Joining what some are calling the nation’s largest mobilization of immigrants ever, hundreds of thousands of people boisterously marched in downtown Los Angeles Saturday to protest federal legislation that would crack down on undocumented immigrants, penalize those who help them and build a security wall on the U.S. southern border. Spirited crowds representing labor, religious groups, civil-rights advocates and ordinary immigrants stretched over 26 blocks of downtown Los Angeles from Adams Blvd. along Spring Street and Broadway to City Hall, tooting kazoos, waving American flags and chanting “Si se puede!” (Yes we can!). The crowd, estimated by police at more than 500.000, represented one of the largest protest marches in Los Angeles history, surpassing Vietnam War demonstrations and the 70,000 who rallied downtown against Proposition 187, a 1994 state initiative that denied public benefits to undocumented migrants.

[…]

n recent weeks, hundreds of thousands of people have staged demonstrations in more than a dozen cities. The Roman Catholic Church and other religious communities have launched immigrant rights campaigns, with Los Angeles Cardinal Roger Mahony taking a leading role in speaking out against the House bill and calling on his priests to defy its provisions that would make felons of anyone who aided undocumented immigrants. In addition, several cities, including Los Angeles, have passed resolutions against the House legislation and some, such as Maywood, have declared itself a “sanctuary” for undocumented immigrants.

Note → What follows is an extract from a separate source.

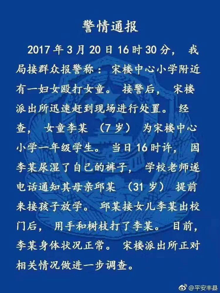 事后,丰县警方连夜发布通报,“3月20日16时30分,我局接群众报警称:宋楼中心小学附近有一妇女殴打女童。接警后,宋楼派出所迅速赶到现场处置。经查,女童李某(7 岁)为宋楼中心小学一年级学生。当日16时许,因李某尿湿了自己裤子,学校老师遂电话通知其母亲邱某(31 岁)提前来接孩子放学。邱某接女儿出校门后,用手和树枝打了李某。目前李某身体状况正常,宋楼派出所正对相关情况做进一步调查。”
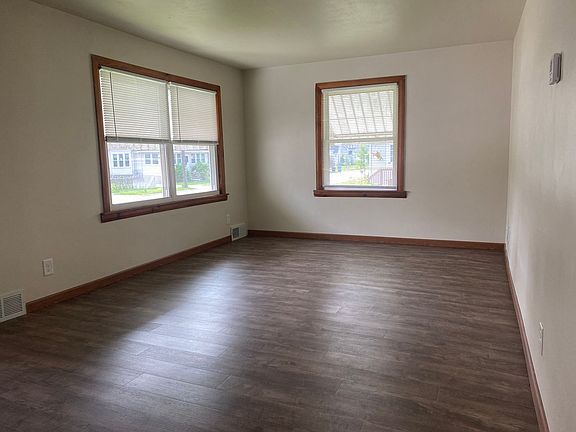 Large 2 bedroom 1 bath lower triplex is ready to make your own! Water included. Two entryways, one with private entry and a porch street side and one in the hallway with access to the basement. Large living area with Central Air! Eat-in kitchen with so many hidden treasures including slide-out shelves, a lazy susan, roll out trash/recycling bin and a built-in corner shelf with mirrors. Kitchen includes all major appliances. Both rooms with spacious closets. Bathroom with tub/shower combo and additional shelves for all of your bathroom needs. Laundry room with washer/dryer hook-ups and a standup shower with bench seat. This is a smoke and pet free property.

This issue is huge. It’s splitting the GOP right up the middle. So what are Democrats going to do about it?

Here’s one idea.

These huge protests all over the country show that Tom Tancredo and the Minutemen are not going to be the only game in town. Politicians had better start thinking about how they are going to deal with this.

The first thing on the agenda might be to give Pete Wilson a call. And then take a look at demographic trends.

From Ruy Texeira:

As two recent reports document, the Hispanic population of the United States continues to increase rapidly, especially in areas that we now think of as “solid red.” The Pew Hispanic Center report describes and analyzes the extraordinary growth of the Hispanic population in six southern states, Arkansas, Alabama, Georgia, North Carolina, South Carolina, and Tennessee, down to the county level. The Census report shows that Texas has now become a majority-minority state (joining New Mexico, California and Hawaii), primarily due to its burgeoning Hispanic population.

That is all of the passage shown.